● **What the exercise asks**
For this exercise, retype the lines from the one that holds "Avery F. Gordon" through the one that holds "Mesa para TV, con" in the records below, both included, exactly and without pictures.

··· Task material

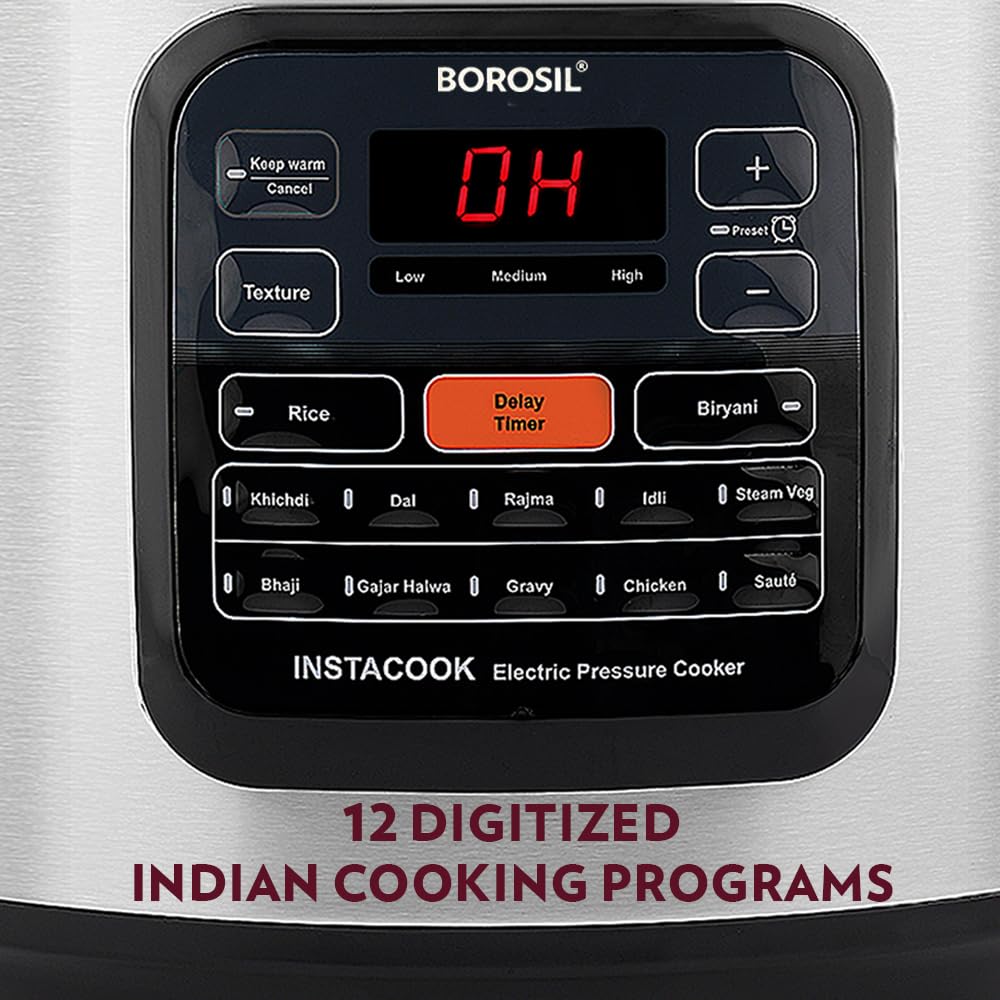 Borosil Instacook 6 L Electric Stainless Steel Pressure Cooker | 12 Digitized Indian Cooking Programs | 15 Hour Delay Timer | One Touch Instant Cooking | Idli Maker, Rice Cooker | 2 Year Warranty on motor
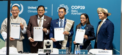 《政府网讯》在第29届联合国气候变化大会(COP29)期间,由碳负排放和碳中和国家组成的G-Zero联盟在阿塞拜疆巴库正式成立。苏里南与不丹、马达加斯加和巴拿马共同作为该开创性联盟的创始成员,致力于推动全球朝着气候中和和气候韧性世界的方向迈进。
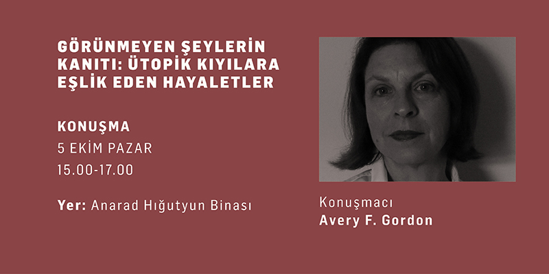 Avery F. Gordon bu konuşmasında Ghostly Matters: Haunting and the Sociological Imagination ve The Hawthorn Archive: Letters from the Utopian Margins kitaplarının merkezinde yer alan temel meseleleri ve problematikleri yeniden ele alarak tartışacak. Bunun yanı sıra 1948’de Kore’de şiddetle bastırılan bir halk ayaklanmasını tetikleyen asker isyanları üzerine yaratıcı non-fiction türünde yazmakta olduğu kitabını tanıtacak. Konuşma, birbiriyle uyuşmayan hafızalar ve görünmeyen şeylerin kanıtı ile ilgili çeşitli soruları tartışmaya açacak.
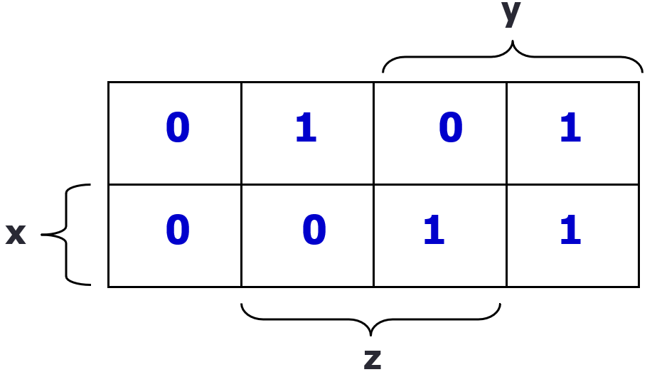 - take the y zβ term, this means the cells that are βinsideβ the y region, and βoutsideβ the z region are 1s
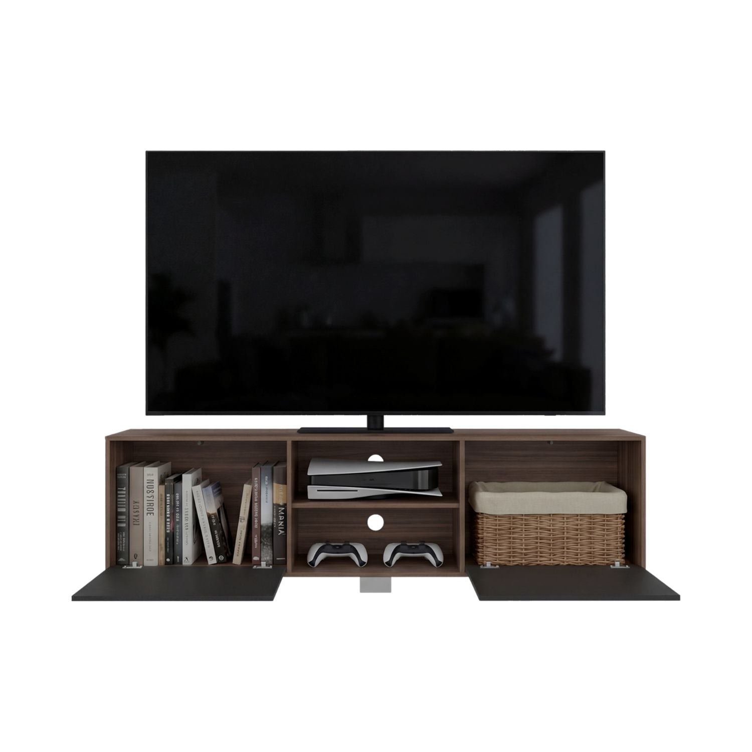 Mesa para TV, con 2 puertas batientes y varios entrepaños.
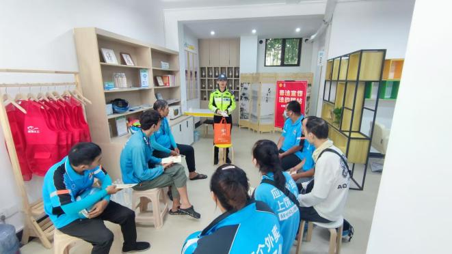 2025年2月,凤凰湖社区组建了一支由外卖骑手、快递员组成的“凤凰湖平安骑士”志愿队,依托其“走千条路、进万家门”的职业优势,化身社区安全的“移动探头”,在日常配送中协助开展道路安全隐患排查,并建立“安全巡查微信群”,实时通报隐患点位,今年以来协助化解井盖破损、警示桩损坏等道路安全隐患8处。在辖区凯旋名都小区,社区结合小区内景观桥腐坏维修,设置“交通安全茶话角”,讲安全故事,学交通知识。为解决部分家长接送途中偶尔忘戴或未携带头盔的困境,社区在辖区幼儿园创新设立园内“共享头盔”便民服务点,提供“即借即用、及时归还”的共享服务,借用时只需在登记本上填写基本信息即可免费使用,并于次日归还给幼儿园指定负责人。同时,针对辖区南方家园建材市场电瓶三轮车多的现象,为提升电瓶三轮车夜间行驶安全性,社区实施“反光条全覆盖工程”,安排工作人员、网格员为电瓶三轮车统一张贴反光条。通过系列的举措,进一步降低交通安全隐患,保障居民平安出行。
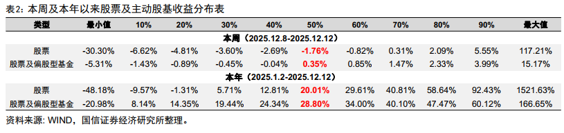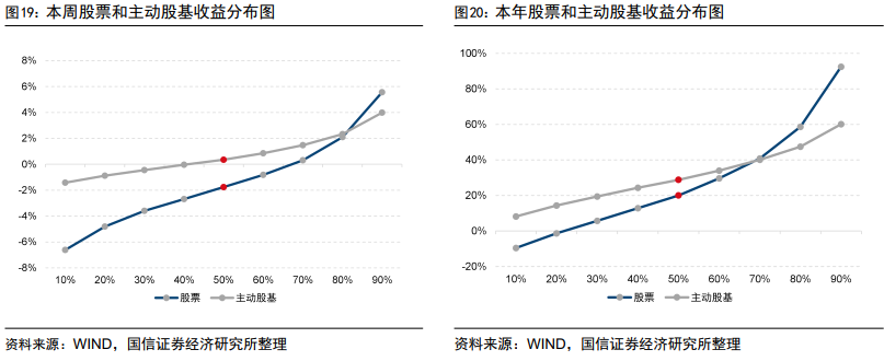 图19和图20展示了全部A股股票(剔除上市不满半年的新股及ST股)、主动股基在本周及本年的收益率分布图,描述了不同分位点下的资产收益率。
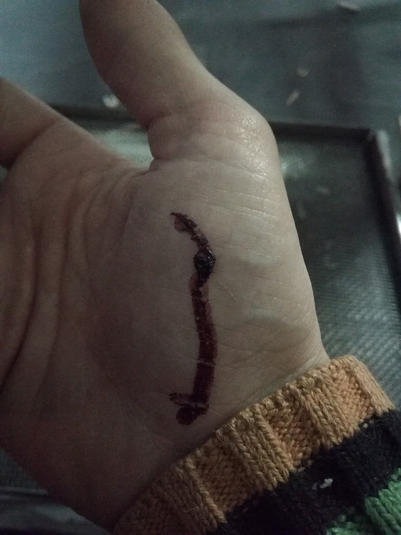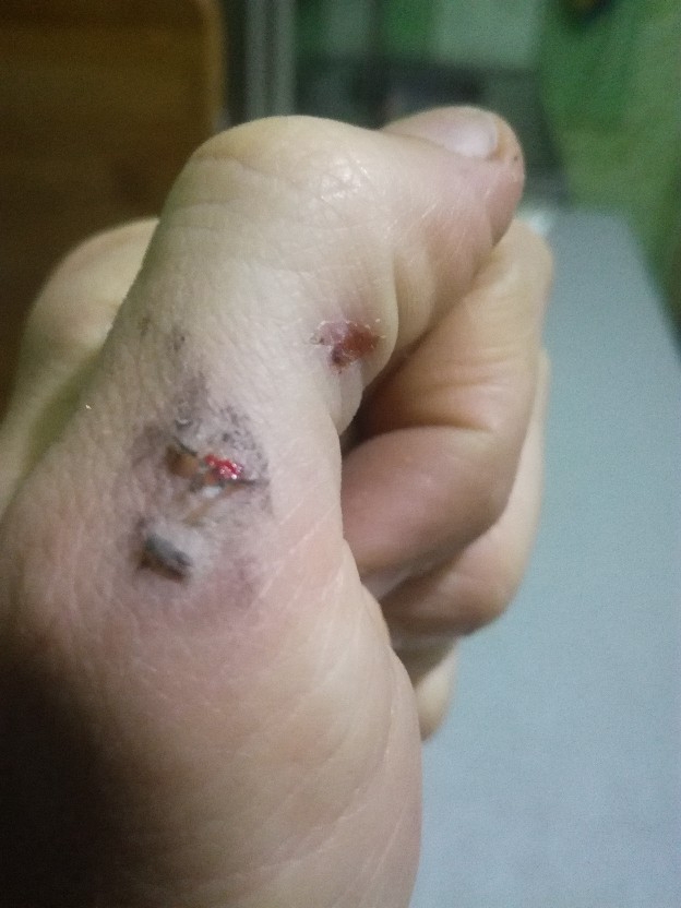 Деранул только что, когда подкидывал дрова в печку, чёрное это следы сажи. Отверстие топки достаточно широкое, но мне не хватило. Более старая ранка - это я работал шуруповёртом, уже не помню подробностей, три дня прошло, серьёзный срок.
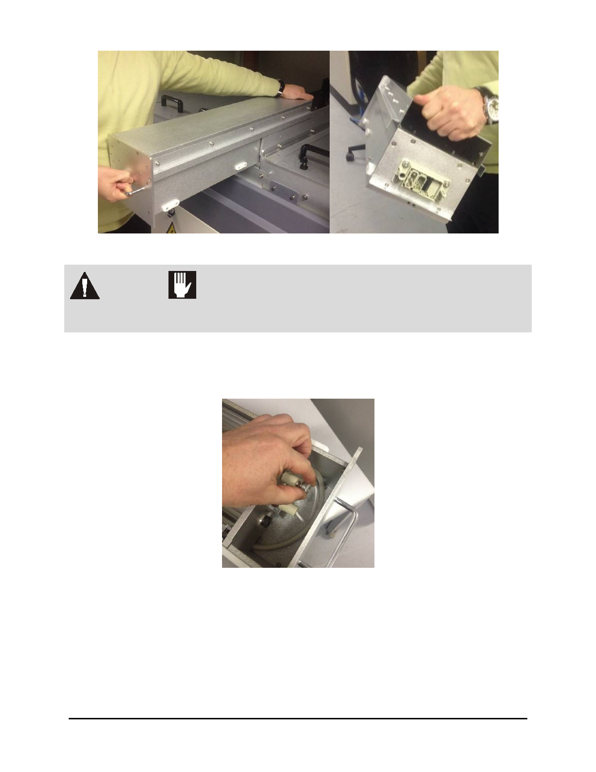 Figure 6-4 Holding the Module WARNING! CAUTION! DO NOT touch the lamp o r reflector. The sur face may be hot. To prevent burn injuries, hold t he module a s shown in Figure 6-4. 7. Place the UV lamp module on a work benc…
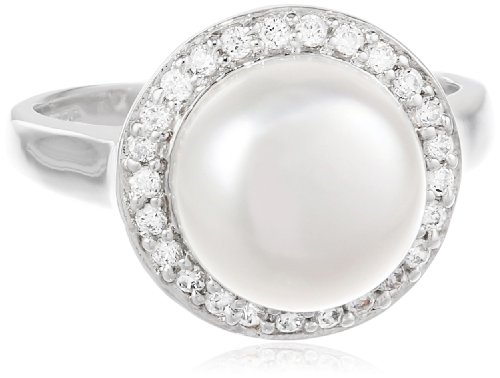 Faceted cubic zirconia stones line a button-shaped freshwater cultured pearl, creating this classic halo-style ring design.Feature

······

● **Result of this task**
 Avery F. Gordon bu konuşmasında Ghostly Matters: Haunting and the Sociological Imagination ve The Hawthorn Archive: Letters from the Utopian Margins kitaplarının merkezinde yer alan temel meseleleri ve problematikleri yeniden ele alarak tartışacak. Bunun yanı sıra 1948’de Kore’de şiddetle bastırılan bir halk ayaklanmasını tetikleyen asker isyanları üzerine yaratıcı non-fiction türünde yazmakta olduğu kitabını tanıtacak. Konuşma, birbiriyle uyuşmayan hafızalar ve görünmeyen şeylerin kanıtı ile ilgili çeşitli soruları tartışmaya açacak.
 - take the y zβ term, this means the cells that are βinsideβ the y region, and βoutsideβ the z region are 1s
 Mesa para TV, con 2 puertas batientes y varios entrepaños.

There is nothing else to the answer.